Сидя в спецкомнате № 301 – дежурном помещении КГБ на третьем этаже гостиницы «Националь», откуда спецслужба наблюдения за иностранцами ведет прослушивание всех номеров, в которых поселены иностранные туристы, – Незначный часами слушал их постельные нежности, шумное дыхание, расслабленные стоны Вирджинии, потом – короткое затишье, шум душа из ванной, а через двадцать минут тишины или болтовни телевизора – новые ласки. Напрасно на том же их двенадцатом этаже гостиницы, в номере 1214, оборудованном для скрытой фото- и киносъемки, томилась от безделья Олечка Махова или – соблазнительно-сексуальная – «случайно» возникала в кафе или ресторане, когда туда приходили Вильямсы. Напрасно на вечеринку к художнику Гладунову пришел режиссер и внештатный агент КГБ Дмитрий Ласадзе. И напрасно названивала в номер к этим Вильямсам Людочка Звонарева, предлагая самые соблазнительные экскурсии по Москве, знакомство с режиссерами, артистами, врачами. Вирджиния подходила к телефону и говорила расслабленным голосом, что муж чувствует себя неважно, боится простудиться окончательно, а потому они никуда не могут выйти из гостиницы. А в советском враче он не нуждается, он ведь сам врач, и у него есть при себе все лекарства. После этого – Незначный хорошо слышал – они опять приступали к объятиям, ласкам и прочей возбуждающей Незначного дребедени. И самое любопытное – они почти не разговаривали друг с другом. «Ну хорошо, – думал Незначный, – у Роберта болит горло, ему говорить трудно, но эта актриса Вирджиния – почему она, кроме «дарлинг», «хани» и «ай лав ю соу мач», не произносит ни слова?
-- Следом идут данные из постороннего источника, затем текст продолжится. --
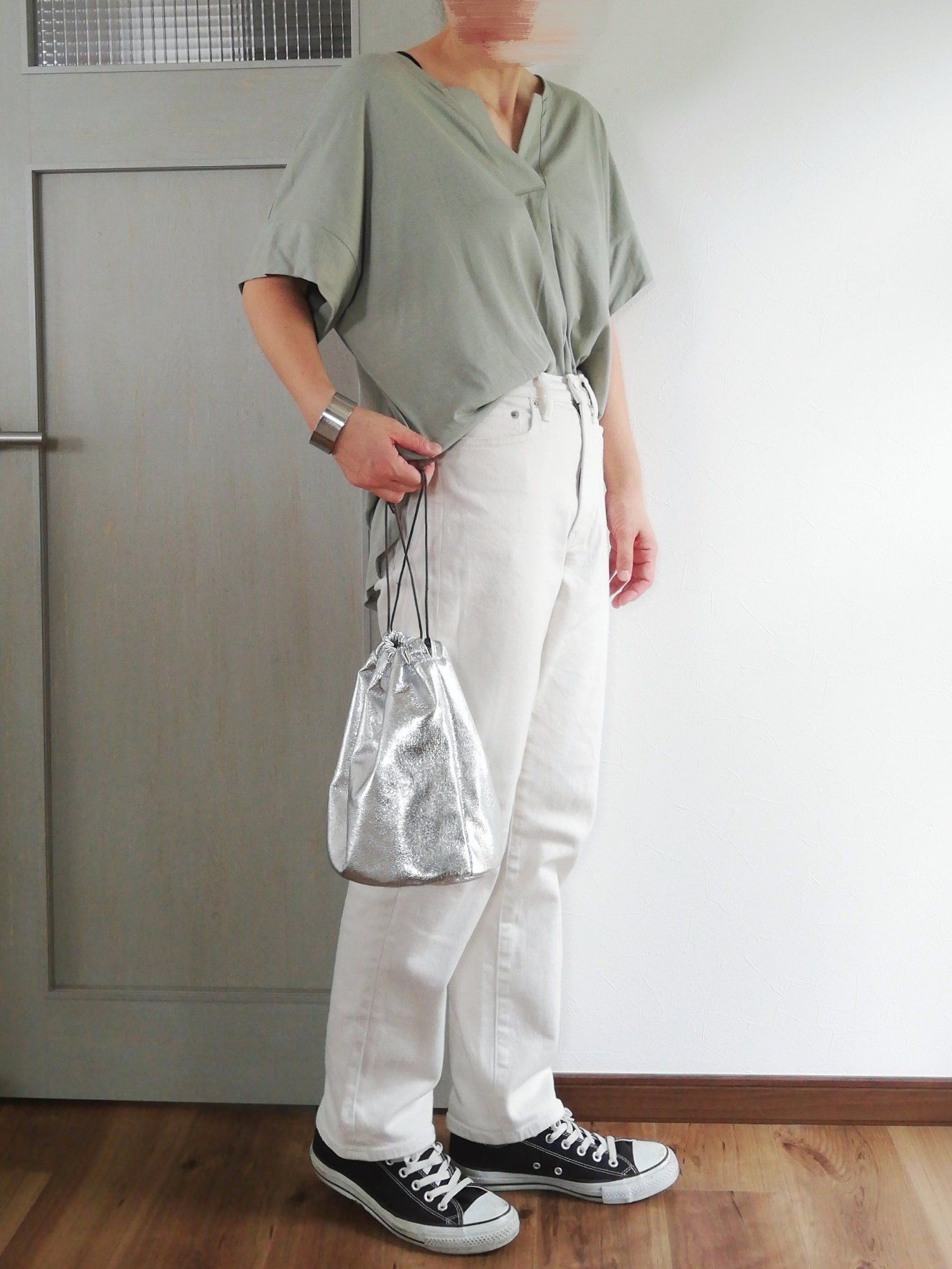 上下ライトカラーなコーデには、黒スニーカーや鮮度高めのシルバー小物でアクセントをプラスすると、ぼんやり見えず新鮮なコーディネートになります。

Ведь все актрисы болтливы. Может быть, они шепчутся под шум телевизора?» Но, как ни напрягал слух Незначный, он не мог уловить ни одного предложения, но зато отчетливо слышал каждый скрип их постели, каждый их томный вздох и азарт очередной постельной схватки. Даже в момент затишья ему казалось, что они там не спят, а гладят друг друга, и порой ему чудилось, что Вирджиния плачет – скрытые в номере микрофоны доносили негромкие женские всхлипы, которые тут же, правда, прерывались звуками поцелуев и новым всплеском супружеских ласк.